#### Exercise description
Which lines of the entries below run from the one holding "Step 4: In the" to the one holding "En moyenne 60%", inclusive? Set down exactly those lines and no others.

::: Data extracts :::

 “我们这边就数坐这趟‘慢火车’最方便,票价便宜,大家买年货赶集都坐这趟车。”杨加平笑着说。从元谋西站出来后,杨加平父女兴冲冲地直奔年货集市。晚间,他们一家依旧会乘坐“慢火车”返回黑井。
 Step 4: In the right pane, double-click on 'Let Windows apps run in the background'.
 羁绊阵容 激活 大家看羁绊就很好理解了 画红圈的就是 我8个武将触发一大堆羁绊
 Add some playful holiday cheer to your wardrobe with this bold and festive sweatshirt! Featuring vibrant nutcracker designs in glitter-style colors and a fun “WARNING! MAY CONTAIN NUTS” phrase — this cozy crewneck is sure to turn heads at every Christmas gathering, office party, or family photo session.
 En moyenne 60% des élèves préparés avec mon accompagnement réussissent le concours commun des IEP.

:::
::: Data extracts :::

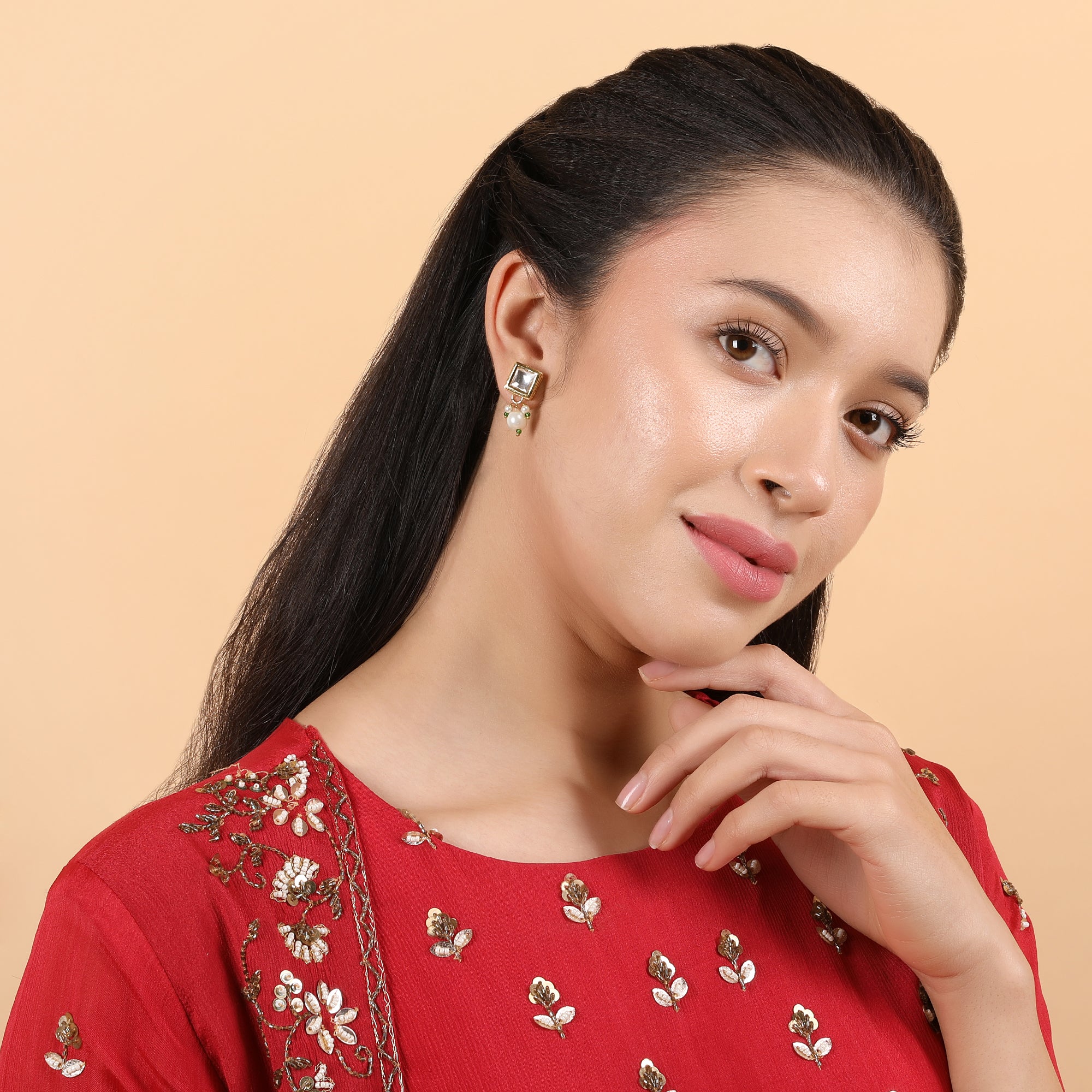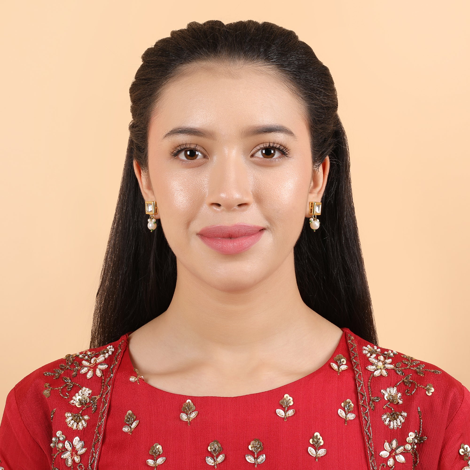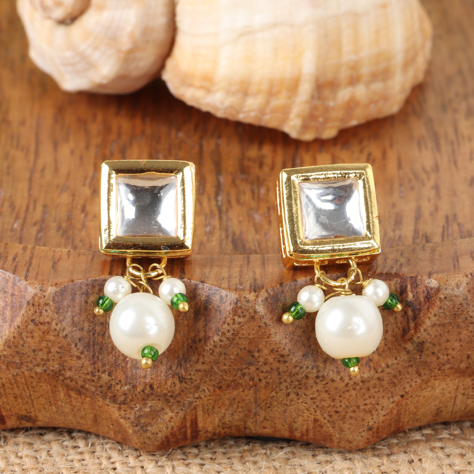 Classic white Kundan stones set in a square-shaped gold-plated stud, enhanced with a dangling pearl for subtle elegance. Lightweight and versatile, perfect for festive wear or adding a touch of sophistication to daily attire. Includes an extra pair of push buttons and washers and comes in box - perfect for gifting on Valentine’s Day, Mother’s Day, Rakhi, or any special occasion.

:::
::: Data extracts :::

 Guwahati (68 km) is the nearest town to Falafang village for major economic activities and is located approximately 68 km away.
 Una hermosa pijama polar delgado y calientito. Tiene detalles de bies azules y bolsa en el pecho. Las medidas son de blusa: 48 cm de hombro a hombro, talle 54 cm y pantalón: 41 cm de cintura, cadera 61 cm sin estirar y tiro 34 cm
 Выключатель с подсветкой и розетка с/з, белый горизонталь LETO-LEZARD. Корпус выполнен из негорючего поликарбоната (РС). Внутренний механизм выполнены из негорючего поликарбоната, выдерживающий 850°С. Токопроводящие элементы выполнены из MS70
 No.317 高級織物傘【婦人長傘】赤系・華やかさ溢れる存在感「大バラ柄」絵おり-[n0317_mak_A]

:::

#### Answer
 Step 4: In the right pane, double-click on 'Let Windows apps run in the background'.
 羁绊阵容 激活 大家看羁绊就很好理解了 画红圈的就是 我8个武将触发一大堆羁绊
 Add some playful holiday cheer to your wardrobe with this bold and festive sweatshirt! Featuring vibrant nutcracker designs in glitter-style colors and a fun “WARNING! MAY CONTAIN NUTS” phrase — this cozy crewneck is sure to turn heads at every Christmas gathering, office party, or family photo session.
 En moyenne 60% des élèves préparés avec mon accompagnement réussissent le concours commun des IEP.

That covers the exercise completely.